= Beginning of Section =

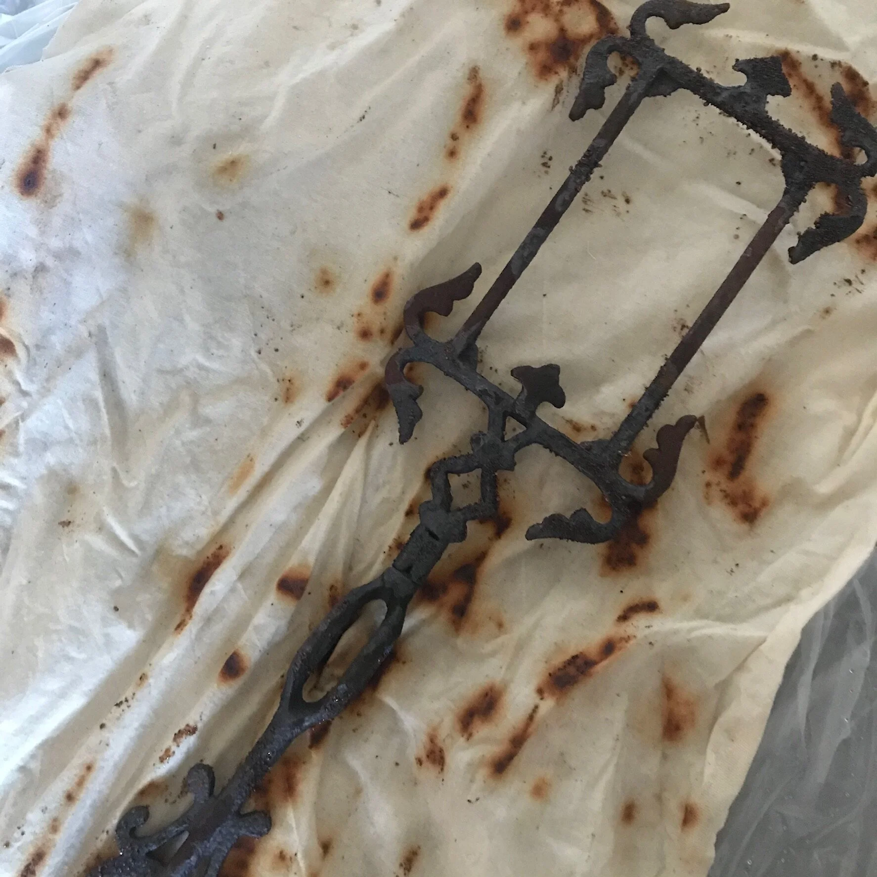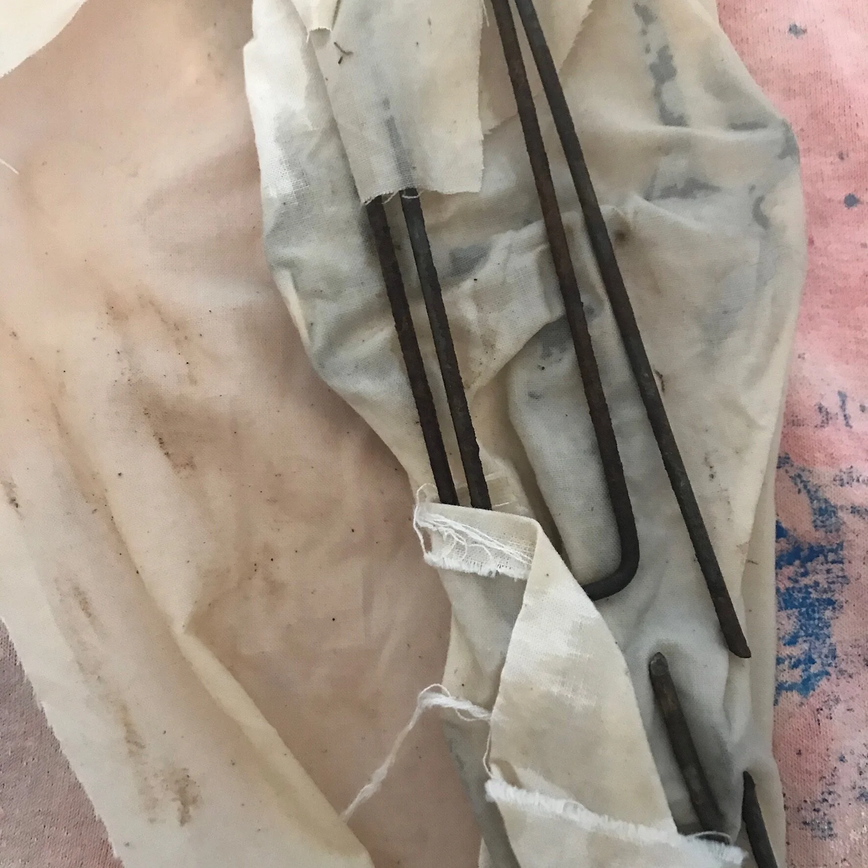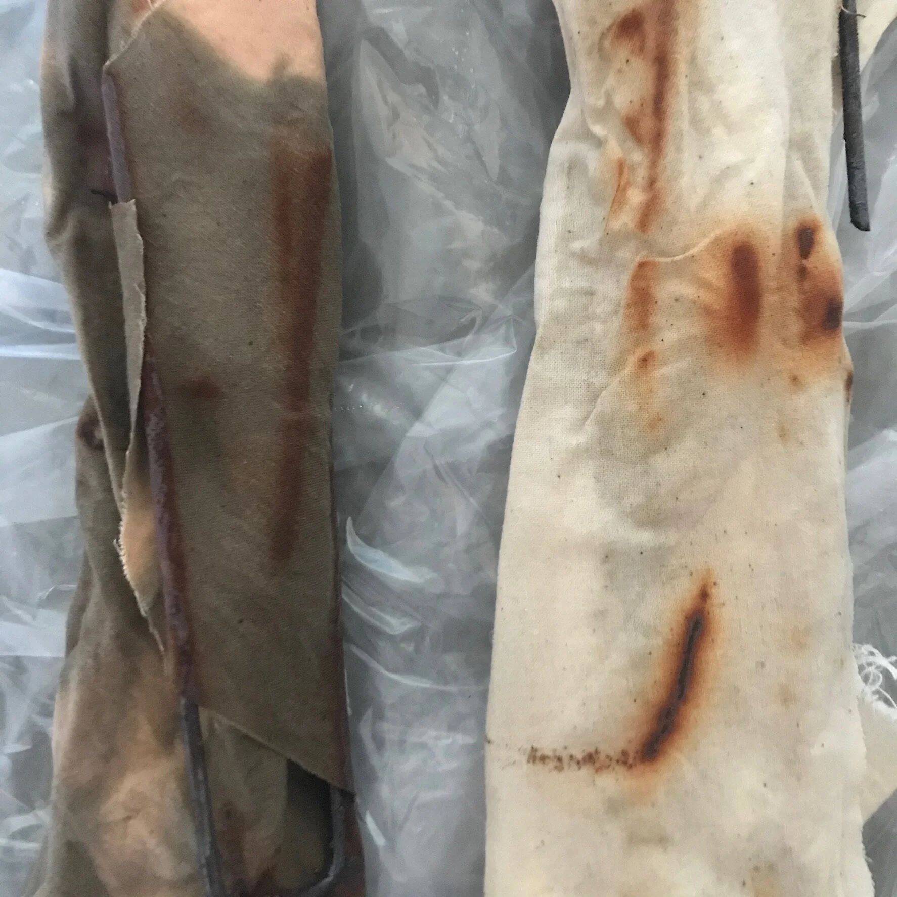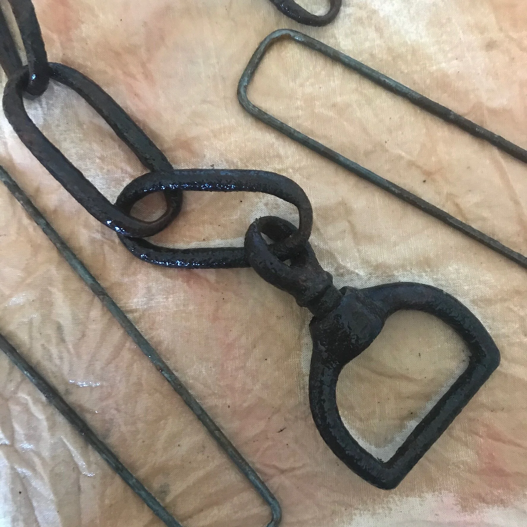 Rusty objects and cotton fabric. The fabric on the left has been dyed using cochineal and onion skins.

= End of Section =
= Beginning of Section =

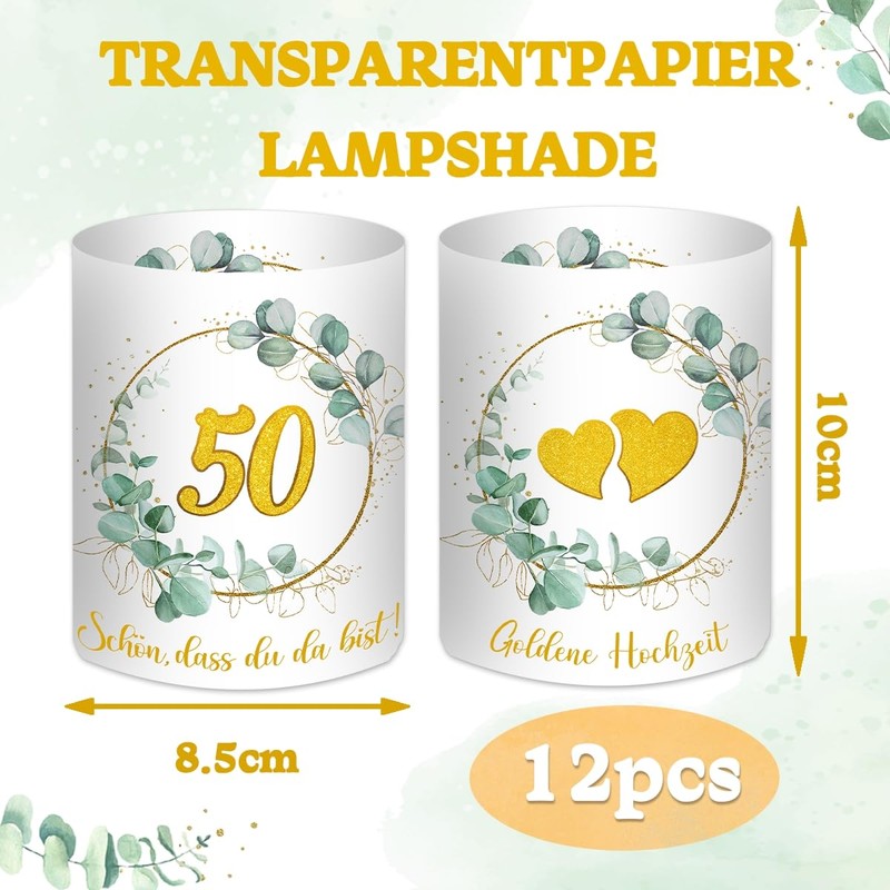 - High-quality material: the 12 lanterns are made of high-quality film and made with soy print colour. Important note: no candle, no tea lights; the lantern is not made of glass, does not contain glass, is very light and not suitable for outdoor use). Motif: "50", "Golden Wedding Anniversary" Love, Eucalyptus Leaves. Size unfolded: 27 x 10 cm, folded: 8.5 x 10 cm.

= End of Section =
= Beginning of Section =

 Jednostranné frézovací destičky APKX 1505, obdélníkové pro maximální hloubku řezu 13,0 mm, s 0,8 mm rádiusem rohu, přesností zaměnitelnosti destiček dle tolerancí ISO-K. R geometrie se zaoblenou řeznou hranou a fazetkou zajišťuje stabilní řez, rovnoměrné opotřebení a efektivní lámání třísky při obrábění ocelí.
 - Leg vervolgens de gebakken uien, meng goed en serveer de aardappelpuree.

= End of Section =

## [What to produce]
Copy back the listing above exactly, but only from the line with "Jednostranné frézovací destičky" through the line with "- Leg vervolgens", both ends included.

## [Task result]
 Jednostranné frézovací destičky APKX 1505, obdélníkové pro maximální hloubku řezu 13,0 mm, s 0,8 mm rádiusem rohu, přesností zaměnitelnosti destiček dle tolerancí ISO-K. R geometrie se zaoblenou řeznou hranou a fazetkou zajišťuje stabilní řez, rovnoměrné opotřebení a efektivní lámání třísky při obrábění ocelí.
 - Leg vervolgens de gebakken uien, meng goed en serveer de aardappelpuree.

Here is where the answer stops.